If John Keats can be (at times, in ways) a shmuck, anybody can and everybody will.
Same goes for William Butler Yeats.
In “Forgiveness” you write, “The great / Fascist poet taught me free verse.” You’ve spoken about reconciling yourself to writers (Pound, Stevens, Keats) whose work you love, whom you even consider ancestors, but who held racist, anti-Semitic views. Could you elaborate on the “drift” from ethics toward aesthetics, and toward forgiveness?
Righteousness can be a corrupt or stupid pose (or addiction, or comfy chair or substitute for actual feelings) in the different forms that arise in different historical times. Emily Dickinson resisted the forms of her time and place, even as a teenager with packs of other teenagers praying for her to embrace the Evangelical righteousness that seemed to solve everything for that social class in western Massachusetts. She dared to read Emerson and to correspond with Unitarians, etc. William Shakespeare and Ben Jonson devised ways to avoid the murderous Royalist righteousness of their day.

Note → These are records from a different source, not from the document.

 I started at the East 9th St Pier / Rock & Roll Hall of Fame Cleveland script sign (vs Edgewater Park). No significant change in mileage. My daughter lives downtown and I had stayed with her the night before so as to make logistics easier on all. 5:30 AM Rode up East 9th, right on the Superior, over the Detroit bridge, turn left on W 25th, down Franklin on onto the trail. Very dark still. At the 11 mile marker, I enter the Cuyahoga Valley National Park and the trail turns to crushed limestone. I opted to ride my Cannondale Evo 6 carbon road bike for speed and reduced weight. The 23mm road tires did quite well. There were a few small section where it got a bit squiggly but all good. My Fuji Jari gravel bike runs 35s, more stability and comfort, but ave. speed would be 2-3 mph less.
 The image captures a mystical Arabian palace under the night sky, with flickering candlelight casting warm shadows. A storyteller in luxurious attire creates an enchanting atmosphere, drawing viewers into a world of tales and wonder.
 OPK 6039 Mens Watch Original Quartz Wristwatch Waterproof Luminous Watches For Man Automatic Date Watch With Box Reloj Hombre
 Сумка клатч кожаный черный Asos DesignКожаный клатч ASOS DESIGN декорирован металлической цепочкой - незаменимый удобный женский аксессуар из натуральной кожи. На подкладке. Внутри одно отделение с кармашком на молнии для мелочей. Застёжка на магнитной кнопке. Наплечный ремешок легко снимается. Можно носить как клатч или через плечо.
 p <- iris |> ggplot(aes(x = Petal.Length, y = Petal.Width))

I’m sympathetic with poets now in their twenties, tempted by the righteousness of damning the repulsive ways and beliefs (at their different levels) of Pound, Eliot, Moore, Stevens. Pound seems to have been one of the worst people who ever lived— in personal conduct, in self-adoration, in horrible political affiliations, in bullying self-aggrandisement and in his youth careerism . . . which makes him a wonderful example because he also said many excellent things about poetry, and wrote absolutely gorgeous verse-rhythms.

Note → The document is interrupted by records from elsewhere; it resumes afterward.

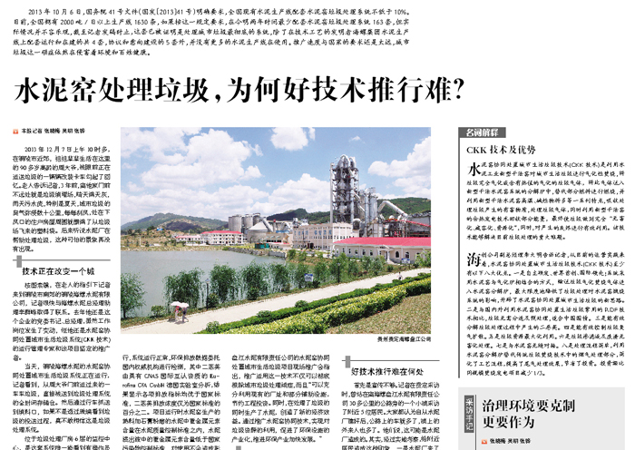 ????貴定縣副縣長黃智勇和原住建局局長蘇穎是貴定水泥窯協(xié)同處置城市生活垃圾專案的實踐者和見證人,他們說,在貴州都說這個專案好,但是就是因為缺少國家政策補貼,很多地方依然嚮往垃圾焚燒發(fā)電技術(shù),這可是能發(fā)電,又能拿到國家真金白銀的專案,所以推廣起來還是有一定難度。
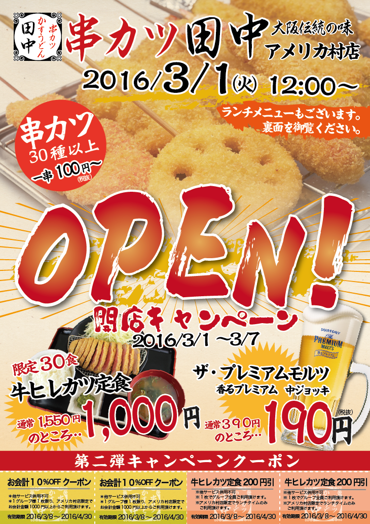 日頃、串カツ田中をご愛顧いただきまして誠に有難うございます! 3月1日(火) 串カツ田中アメリカ村店が新規OPEN致します!! ■ランチ営...
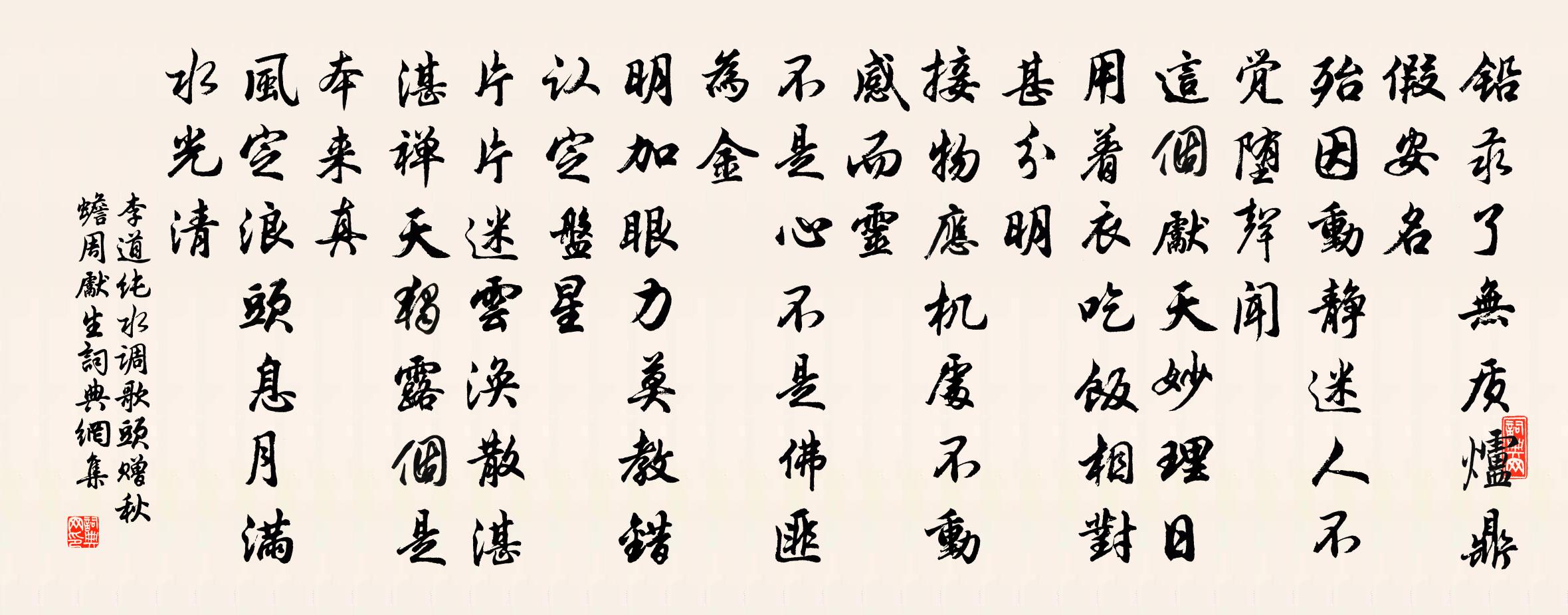 詩詞名句歷史字典書法欣賞書法字典國語詞典說文解字康熙字典古漢語字典標 題 作 者 詩 句 水調歌頭 贈秋蟾周先生作者:李道純 朝代:元代水調歌頭 贈秋蟾周先生原文鉛汞了無質,爐鼎假安名。殆因動靜迷人,不覺墮聲聞。這個先天妙理,日用著衣吃飯,相對甚分明。接物應機處,不動感而靈。不是心,不是佛,匪為金。明加眼力,莫教錯認定盤星。片片迷雲渙散,湛湛禪天獨露,個是本來真。風定浪頭息,月滿水光清。詩詞問答問:水調歌頭 贈秋蟾周先生的作者是誰?答:李道純問:水調歌頭 贈秋蟾周先生寫於哪個朝代?答:元代問:水調歌頭 贈秋蟾周先生是什麼體裁?答:詞李道純水調歌頭 贈秋蟾周先生書法欣賞水調歌頭 贈秋蟾周先生書法作品詩詞推薦思故人邵雍〔宋代〕芳酒一樽雖甚滿,故人千里奈思何。柳挼池閣條偏細,花近檐楹香更多。閩人謠佚名〔唐代〕風吹楊菜鼓山下,不得錢郎戈不罷。張君明昆仲袖唱和詩見過章甫〔宋代〕村東主客群飛鴻,月明霜重聲摩空。村西老人如瘦馬,伏櫪倦嘶天北風。村東村西無百步,杖履相尋還有數。兒啼題芭蕉趙蕃〔宋代〕卷藏政爾待時雨,及此發舒天已秋。已是蕭蕭吹我急,主人寧得厭颼颼。偈頌二十四首釋智遇〔宋代〕春入湖山,先放花明。御苑人歸上國,南山鶴唳青公。壯皇都人傑地靈,窺紫府洞天風月。七夕苦旱望雨王之道〔宋代〕田禾吐白將就槁,野草垂黃幾欲燃。來日天孫嫁河鼓,洗車今喜有夤緣。題墨妙亭王炎〔宋代〕晉唐行草可同科,樂石雕鐫便不磨。幾載雨淋兼日炙,一朝雲集又星羅。要知訪古搜求盡,應為凝香暇逸多。瀟瀟若耶溪逢陸澧陳羽〔唐代〕溪上春晴聊看竹,誰言驛使此相逢。擔簦躡屐仍多病,笑殺雲間陸士龍。經古觀有感李中〔唐代〕古觀寥寥枕碧溪,偶思前事立殘暉。漆園化蝶名空在,柱史猶龍去不歸。丹井泉枯苔鎖合,醮壇松折鶴來稀。回頭木芙蓉黃庚〔宋代〕芙蓉一帶繞池塘,萬綠叢中簇艷妝。錯認園林春富貴,不知葉底有風霜。鷓鴣天(寄葉仲洽)辛棄疾〔宋代〕是處移花是處開。古今興廢幾池台。背人翠羽偷魚去,抱蕊黃須趁蝶來。掀老瓮,撥新醅。客來且盡兩三杯。日高瀟湘神 零陵作屈大均〔清代〕瀟水流,湘水流,三閭愁接二妃愁。瀟碧湘藍雖兩色,鴛鴦總作一天秋。和王介甫明妃曲二首 / 明妃曲和王介甫作歐陽修〔宋代〕胡人以鞍馬為家,射獵為俗。泉甘草美無常處,鳥驚獸駭爭馳逐。誰將漢女嫁胡兒,風沙無情貌如玉。身行不遇中長郊雨餘遠樹減翠新蟬忽鳴激耳嘹唳久客孤坐寇準〔宋代〕遙山夏雨歇,遠樹涼風至。憑欄偶開襟,新蟬動秋思。沙溪潔細流,庭木驚疏翠。節候又復然,幽憂斯所萃。芳歲天壇歸元稹〔唐代〕為結區中累,因辭洞裡花。還來舊城郭,煙火萬人家。李泌庭黑石詩隱者〔唐代〕神真鍊形年未足,化為我子功相續。丞相瘞之刻玄玉,仙路何長死何促。送玉融周醫劉克莊〔宋代〕苛留孤月伴長庚,無奈殘星欲啟明。曾子數商誠有罪,韓公雲籍未嘗首。病深不早迎秦緩,貲薄將何謝宋清。客問題葛稚川移家圖周弼〔宋代〕稚川移家入空谷,手招白雲守茅屋。惟恐人窺鍊藥鑪,鎖斷青巒瀉垂瀑。只留一徑通飛鳥,其間想透三仙島。野童槐花羅鄴〔唐代〕行宮門外陌銅駝,兩畔分栽此最多。欲到清秋近時節,爭開金蕊向關河。層樓寄恨飄珠箔,駿馬憐香撼玉珂。愁殺潚再往剡中念之尤切作詩寬之樓鑰〔宋代〕剡縣不為遠,丞官勿謂卑。鼓盆知愛重,去國倍行遲。堂上森三老,房中秀一兒。加餐了官事,莫賦悼亡詩。名句推薦弱柳青槐拂地垂,佳氣紅塵暗天起。盧照鄰《長安古意》 言不信者行不果。墨子《墨子·02章 修身》 桃花流水窅然去,別有天地非人間。李白《山中問答》 雨中黃葉樹,燈下白頭人。司空曙《喜外弟盧綸見宿》 養弟子如養閨女,最要嚴出入,謹交遊。洪應明《菜根譚·概論》 器具質而潔,瓦缶勝金玉;飲食約而精,園蔬愈珍饈。朱柏廬《朱子家訓·全文》 都道是金玉良姻,俺只念木石前盟。曹雪芹《終身誤》 東風有信無人見,露微意、柳際花邊。蘇軾《一叢花·今年春淺侵年》 金井梧桐秋葉黃,珠簾不捲夜來霜。王昌齡《長信怨》 塞上長城空自許,鏡中衰鬢已先斑。陸游《書憤五首·其一》

I love the letter where Bill Williams, who had been bullied by his impressive friend Ezra for years tells him: “people don’t admire you for your ideas, but in spite of them” or something like that. A lot of my contemporaries and elders took Pound seriously as a thinker about culture, economics, history, all kinds of things. I never could do that, I thought of him as a great verbal musician with no intellectual value in his writing. Except for his literary writing, ABC of Reading for example. A good parody of textbooks and a good textbook, both. A mindless virtuoso of verse, he is.
In my “Forgiveness” I enjoyed using him as that sort of complicated, slippery example. A pleasure to be irreverent in two different directions: toward accepting Pound as a thinker, and toward rejecting his insights into, say, quantity and stress in verse, just because he happened to be a nasty fascist swine.
In "Cataract" you reference the Native American man known as Ishi: “it wasn’t / His name he explained clearly he had no name.” “Geronimo” similarly references a Native American figure to explore the use and abuse of names. Could you say more about fascination with names, as fossil poetry, as tools of oppression or of liberation, and as magic?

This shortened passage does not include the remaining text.